10.10.2014

Tutup !




Kamis, 09/10/2014 11:35 WIB

Dolar Tembus Rp 12.000 dan Listrik Naik, 8 Pabrik Tekstil Pilih Tutup

Suhendra - detikFinance

Jakarta - Menguatnya nilai tukar dolar terhadap rupiah hingga Rp 12.000/US$ dan kenaikan tarif listrik industri yang bertubi-tubi membuat beberapa pelaku usaha tekstil sektor pemintalan memilih setop produksi.

Catatan Asosiasi Pertekstilan Indonesia (API), baru-baru ini sudah ada 8 pabrik pemintalan benang yang memutuskan menghentikan produksi, tersebar di wilayah Jawa Timur, Jawa Barat, Banten, dan Jawa Tengah.

Ketua Umum API Ade Sudrajat mengaku sedih dengan kenyataan ini. Menurutnya, 8 pabrik tersebut memiliki tenaga kerja hingga 20.000 orang. Saat ini status para tenaga kerja ada yang sudah kena Pemutusan Hubungan Kerja (PHK) atau hanya dirumahkan.

Sebanyak 8 pabrik tersesebut yaitu 1 pabrik di Tangerang (Banten), 2 pabrik di Bandung (Jawa Barat), 2 pabrik di Surabaya (Jawa Timur), 2 pabrik di Jawa Tengah mencakup Sragen dan Pekalongan, dan 1 pabrik di Pandaan (Jawa Timur).
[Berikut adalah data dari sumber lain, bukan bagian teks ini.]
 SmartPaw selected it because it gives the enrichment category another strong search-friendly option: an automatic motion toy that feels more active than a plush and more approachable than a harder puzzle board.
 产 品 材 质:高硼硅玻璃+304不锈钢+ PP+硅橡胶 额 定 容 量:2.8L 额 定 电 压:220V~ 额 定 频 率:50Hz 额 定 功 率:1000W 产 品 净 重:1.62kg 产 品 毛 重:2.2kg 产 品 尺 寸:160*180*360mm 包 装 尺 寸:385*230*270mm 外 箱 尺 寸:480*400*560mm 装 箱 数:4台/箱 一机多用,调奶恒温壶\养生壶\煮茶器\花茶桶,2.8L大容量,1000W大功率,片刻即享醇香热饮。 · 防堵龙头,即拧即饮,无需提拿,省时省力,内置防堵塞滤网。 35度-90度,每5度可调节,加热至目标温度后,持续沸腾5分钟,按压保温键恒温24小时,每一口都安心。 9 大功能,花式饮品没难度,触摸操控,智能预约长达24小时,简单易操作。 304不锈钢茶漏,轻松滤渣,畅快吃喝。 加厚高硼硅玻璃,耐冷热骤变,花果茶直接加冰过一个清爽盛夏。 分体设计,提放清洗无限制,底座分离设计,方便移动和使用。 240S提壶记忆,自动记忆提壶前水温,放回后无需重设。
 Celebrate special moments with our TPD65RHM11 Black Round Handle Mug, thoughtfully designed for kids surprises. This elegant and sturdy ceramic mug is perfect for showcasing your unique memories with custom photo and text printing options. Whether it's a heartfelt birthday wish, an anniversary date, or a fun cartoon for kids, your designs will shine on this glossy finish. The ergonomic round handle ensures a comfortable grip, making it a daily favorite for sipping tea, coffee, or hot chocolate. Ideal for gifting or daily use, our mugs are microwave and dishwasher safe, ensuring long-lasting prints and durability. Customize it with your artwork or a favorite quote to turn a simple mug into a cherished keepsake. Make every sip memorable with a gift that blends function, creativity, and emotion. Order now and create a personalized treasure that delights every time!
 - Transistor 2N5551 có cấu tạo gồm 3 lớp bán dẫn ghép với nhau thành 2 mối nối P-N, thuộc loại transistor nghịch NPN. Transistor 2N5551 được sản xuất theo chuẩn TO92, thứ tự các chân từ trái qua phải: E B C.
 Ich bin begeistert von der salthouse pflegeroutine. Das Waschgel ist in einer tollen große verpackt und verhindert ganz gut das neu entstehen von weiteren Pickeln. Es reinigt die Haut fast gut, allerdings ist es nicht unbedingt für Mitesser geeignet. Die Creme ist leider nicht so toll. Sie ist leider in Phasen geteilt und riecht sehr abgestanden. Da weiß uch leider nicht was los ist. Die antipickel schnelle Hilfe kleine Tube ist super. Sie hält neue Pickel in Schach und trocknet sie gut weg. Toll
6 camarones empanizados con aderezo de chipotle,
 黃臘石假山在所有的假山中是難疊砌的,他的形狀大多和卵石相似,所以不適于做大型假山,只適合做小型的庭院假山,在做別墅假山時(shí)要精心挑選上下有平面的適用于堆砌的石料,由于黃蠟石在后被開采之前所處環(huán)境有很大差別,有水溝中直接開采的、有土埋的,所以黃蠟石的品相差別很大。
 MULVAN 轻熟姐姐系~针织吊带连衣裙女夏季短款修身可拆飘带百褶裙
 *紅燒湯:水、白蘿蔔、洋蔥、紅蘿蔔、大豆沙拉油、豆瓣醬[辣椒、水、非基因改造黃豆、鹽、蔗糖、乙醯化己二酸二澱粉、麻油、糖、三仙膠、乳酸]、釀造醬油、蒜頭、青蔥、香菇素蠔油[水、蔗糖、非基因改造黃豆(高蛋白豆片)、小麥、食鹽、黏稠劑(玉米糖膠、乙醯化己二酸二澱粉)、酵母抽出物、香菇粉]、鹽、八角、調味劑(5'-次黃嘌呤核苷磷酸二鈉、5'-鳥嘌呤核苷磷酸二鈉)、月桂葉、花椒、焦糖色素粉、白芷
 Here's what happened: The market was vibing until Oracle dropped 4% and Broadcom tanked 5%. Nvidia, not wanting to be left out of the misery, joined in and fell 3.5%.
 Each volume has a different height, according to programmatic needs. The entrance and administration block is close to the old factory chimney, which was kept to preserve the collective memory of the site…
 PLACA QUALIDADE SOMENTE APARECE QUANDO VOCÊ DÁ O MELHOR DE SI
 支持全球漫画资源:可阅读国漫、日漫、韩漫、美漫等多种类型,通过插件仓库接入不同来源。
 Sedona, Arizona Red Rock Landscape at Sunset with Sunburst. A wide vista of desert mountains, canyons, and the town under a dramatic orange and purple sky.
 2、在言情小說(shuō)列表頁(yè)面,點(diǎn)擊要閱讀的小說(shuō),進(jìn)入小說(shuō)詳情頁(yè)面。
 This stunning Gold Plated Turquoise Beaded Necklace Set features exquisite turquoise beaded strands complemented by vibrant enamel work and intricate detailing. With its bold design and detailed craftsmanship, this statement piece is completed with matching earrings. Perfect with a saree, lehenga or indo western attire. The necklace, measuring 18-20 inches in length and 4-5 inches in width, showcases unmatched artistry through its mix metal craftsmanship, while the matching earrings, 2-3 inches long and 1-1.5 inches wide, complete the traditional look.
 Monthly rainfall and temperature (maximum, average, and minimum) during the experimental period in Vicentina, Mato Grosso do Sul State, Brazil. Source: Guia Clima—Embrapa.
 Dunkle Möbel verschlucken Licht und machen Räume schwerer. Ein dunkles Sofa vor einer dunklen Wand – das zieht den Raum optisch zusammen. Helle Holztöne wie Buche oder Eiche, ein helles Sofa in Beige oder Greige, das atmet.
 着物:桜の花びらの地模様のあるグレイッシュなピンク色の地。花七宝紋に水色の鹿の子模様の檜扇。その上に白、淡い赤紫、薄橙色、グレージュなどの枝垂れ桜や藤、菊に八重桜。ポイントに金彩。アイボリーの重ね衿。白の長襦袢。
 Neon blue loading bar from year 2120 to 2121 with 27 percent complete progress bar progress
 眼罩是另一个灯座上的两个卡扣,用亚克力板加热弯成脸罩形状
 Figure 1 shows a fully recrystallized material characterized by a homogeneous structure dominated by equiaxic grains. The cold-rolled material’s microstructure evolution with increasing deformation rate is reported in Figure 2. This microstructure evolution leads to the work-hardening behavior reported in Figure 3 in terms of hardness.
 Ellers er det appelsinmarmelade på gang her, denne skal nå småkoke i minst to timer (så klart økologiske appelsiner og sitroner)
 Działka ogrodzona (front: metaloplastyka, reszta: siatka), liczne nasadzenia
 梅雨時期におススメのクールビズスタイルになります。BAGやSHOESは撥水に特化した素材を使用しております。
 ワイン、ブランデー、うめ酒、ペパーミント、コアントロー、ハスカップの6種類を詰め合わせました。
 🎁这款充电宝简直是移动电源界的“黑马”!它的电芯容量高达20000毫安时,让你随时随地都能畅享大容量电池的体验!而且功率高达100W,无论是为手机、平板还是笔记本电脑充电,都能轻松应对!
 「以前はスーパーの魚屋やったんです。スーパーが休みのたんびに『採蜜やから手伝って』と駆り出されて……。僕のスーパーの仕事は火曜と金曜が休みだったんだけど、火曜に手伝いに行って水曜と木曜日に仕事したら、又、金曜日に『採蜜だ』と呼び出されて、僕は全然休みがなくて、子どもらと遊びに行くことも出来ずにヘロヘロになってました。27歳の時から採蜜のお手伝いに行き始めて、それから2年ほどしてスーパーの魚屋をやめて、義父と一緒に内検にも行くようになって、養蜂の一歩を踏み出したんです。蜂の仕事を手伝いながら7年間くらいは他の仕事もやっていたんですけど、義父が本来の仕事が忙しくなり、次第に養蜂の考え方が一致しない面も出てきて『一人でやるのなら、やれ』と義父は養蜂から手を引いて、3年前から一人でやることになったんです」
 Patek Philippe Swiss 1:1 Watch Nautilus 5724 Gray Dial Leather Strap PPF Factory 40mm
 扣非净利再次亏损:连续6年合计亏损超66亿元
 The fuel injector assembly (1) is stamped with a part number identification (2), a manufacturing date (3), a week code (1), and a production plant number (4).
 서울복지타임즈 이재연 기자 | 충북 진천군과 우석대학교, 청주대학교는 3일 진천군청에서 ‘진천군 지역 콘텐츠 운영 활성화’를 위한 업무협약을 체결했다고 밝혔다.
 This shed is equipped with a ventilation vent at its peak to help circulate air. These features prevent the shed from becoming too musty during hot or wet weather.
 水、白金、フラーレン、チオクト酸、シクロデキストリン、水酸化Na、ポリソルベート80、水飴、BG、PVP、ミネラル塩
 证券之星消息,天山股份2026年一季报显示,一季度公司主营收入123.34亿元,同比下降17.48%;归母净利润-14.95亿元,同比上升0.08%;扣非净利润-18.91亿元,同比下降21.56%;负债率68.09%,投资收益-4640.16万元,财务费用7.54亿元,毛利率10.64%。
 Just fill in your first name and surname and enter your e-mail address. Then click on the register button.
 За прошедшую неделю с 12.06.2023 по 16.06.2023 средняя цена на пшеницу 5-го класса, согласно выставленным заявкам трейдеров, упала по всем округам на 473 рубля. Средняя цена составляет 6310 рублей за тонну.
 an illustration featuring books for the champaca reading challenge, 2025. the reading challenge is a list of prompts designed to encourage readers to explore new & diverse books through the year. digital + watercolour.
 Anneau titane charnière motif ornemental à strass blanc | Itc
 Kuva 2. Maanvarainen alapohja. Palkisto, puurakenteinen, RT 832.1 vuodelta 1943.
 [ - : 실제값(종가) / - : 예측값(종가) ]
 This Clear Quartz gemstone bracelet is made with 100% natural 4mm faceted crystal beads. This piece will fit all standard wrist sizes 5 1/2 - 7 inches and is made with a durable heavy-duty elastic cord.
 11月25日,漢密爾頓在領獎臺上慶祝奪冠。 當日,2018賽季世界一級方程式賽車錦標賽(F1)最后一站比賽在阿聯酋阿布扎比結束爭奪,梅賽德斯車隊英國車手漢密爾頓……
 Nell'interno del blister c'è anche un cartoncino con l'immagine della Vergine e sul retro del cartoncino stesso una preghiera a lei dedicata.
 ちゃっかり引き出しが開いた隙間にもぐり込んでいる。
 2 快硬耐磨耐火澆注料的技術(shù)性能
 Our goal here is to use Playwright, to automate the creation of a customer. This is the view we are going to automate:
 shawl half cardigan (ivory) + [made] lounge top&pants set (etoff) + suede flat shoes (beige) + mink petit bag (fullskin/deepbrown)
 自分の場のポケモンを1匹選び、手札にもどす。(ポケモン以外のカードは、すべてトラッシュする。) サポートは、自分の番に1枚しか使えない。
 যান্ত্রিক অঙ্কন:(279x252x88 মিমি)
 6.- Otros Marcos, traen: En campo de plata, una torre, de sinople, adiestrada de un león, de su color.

"Bukan hanya dolar saja, tapi karena listrik yang naik. Terutama di industri pemintalan dan penenunan, ada 8 pabrik, berhenti dulu, mereka nunggu kebijakan pemerintah seperti apa. Mereka setop baru-baru ini, karena nggak masuk dalam hitungan bisnis mereka," kata Ade kepada detikFinance, Kamis (9/10/2014).

Ia mengatakan tarif listrik sangat berpengaruh dengan biaya produksi industri pemintalan, apalagi sebagian bahan baku masih harus diimpor seperti serat dan lainnya, yang rentan terhadap nilai tukar.

Ade mengungkapkan tarif listrik untuk industri di Indonesia sudah terlalu mahal hingga 10,5 sen dolar AS per kwh, padahal Vietnam dan Korsel hanya 6 sen dolar AS per kwh.

"PHK sudah pasti, sebagian dirumahkan, kita sudah kasih tahu ke pemerintah, tapi pemerintahnya pura-pura bego. Apalagi menterinya masuk KPK, mana mau urus dunia usaha," katanya.

Selain itu, Ade mengatakan alasan pabrikan pemintalan menghentikan produksi karena tak mau lagi menanggung beban kenaikan Upah Minimum Provinsi (UMP) 2015. Bahkan beberapa organisasi buruh mendesak kenaikan UMP hingga 30%.

"Belum lagi risiko kenaikan UMP, mendingan berhenti saja lah. Saya sedih, ini bukan saya yang kurang gigih memperjuangkan," katanya.